Já no início da noite, deu entrevista à CNN em que atacou diretamente Maia. Acusou-o de conduzir o país "ao caos" e de "enfiar a faca no governo federal".

"Eu lamento a posição do Rodrigo Maia, que resolveu assumir o papel do Executivo. Eu respeito ele, mas ele tem que me respeitar. Lamento a postura que ele vem tomando. Mas o sentimento que eu tenho é que ele não quer amenizar os problemas. Ele quer atacar o governo federal, enfiando a faca no governo federal. Parece que a intenção é me tirar do governo. Paulo Guedes não tem mais contato com Maia", disse.

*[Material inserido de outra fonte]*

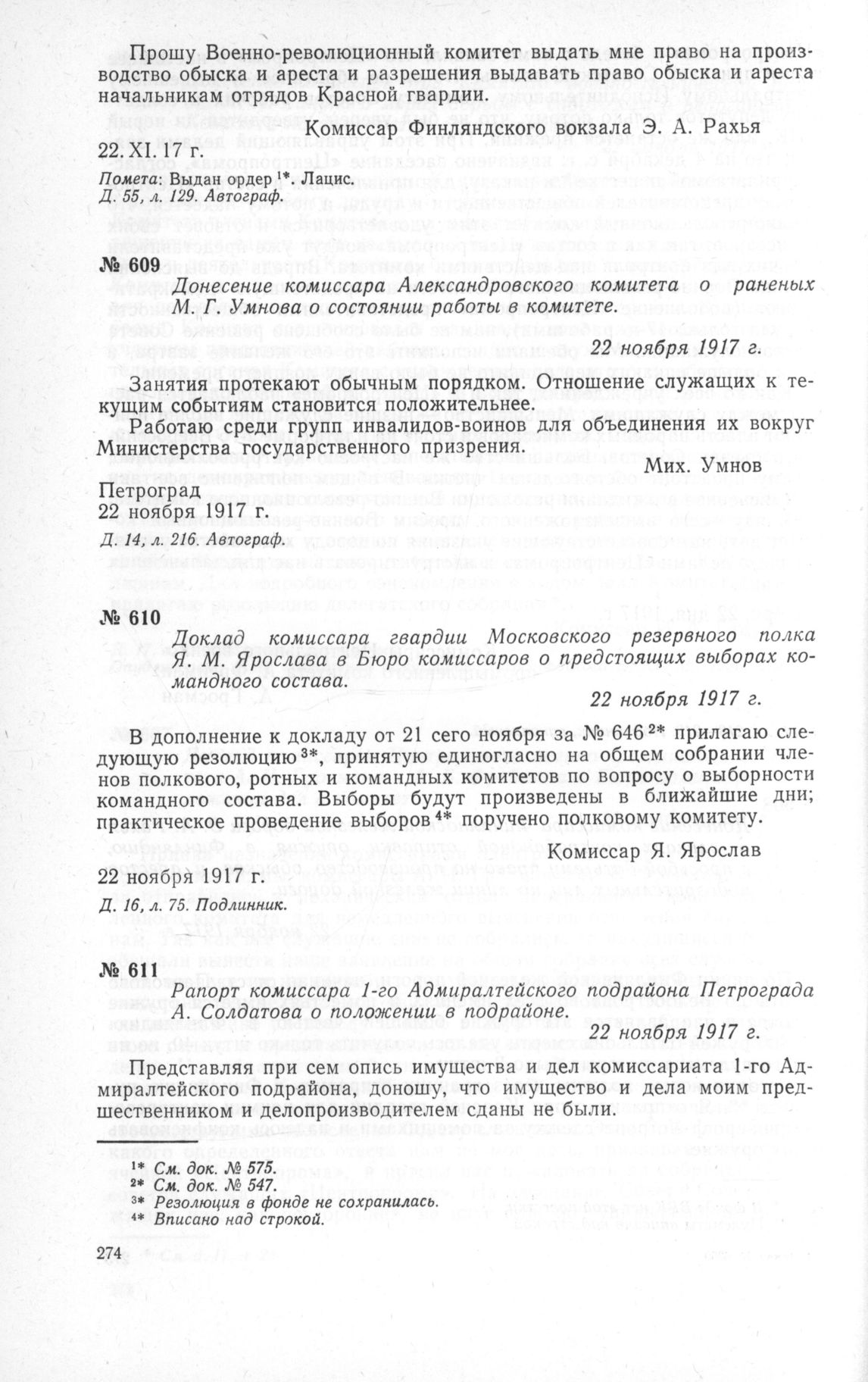 Рапорт комиссара 1-го Адмиралтейского подрайона Петрограда А. Солдатова о положении в подрайоне. 22 ноября 1917 г. // ЦГАОР СССР, ф. 1236, д. 80, л. 249. Подлинник.

À mesma emissora, o presidente da Câmara dos Deputados recusou-se a retrucar. Disse que Bolsonaro usa de um "velho truque da política" para tirar o foco da troca de ministros. "Quando você tem uma notícia ruim, como a da demissão do ministro Mandetta, ele quer trocar o tema da pauta. O nosso tema continua sendo a saúde, as ações conduzidas pelo ministro Mandetta", garantiu o deputado.

Segundo fontes ligadas ao Palácio, o comportamento do presidente deve perpetuar o estado de crise do governo. "Será uma tarefa muito difícil" recriar as pontes com o Congresso, afirmou uma delas a Carla Araújo.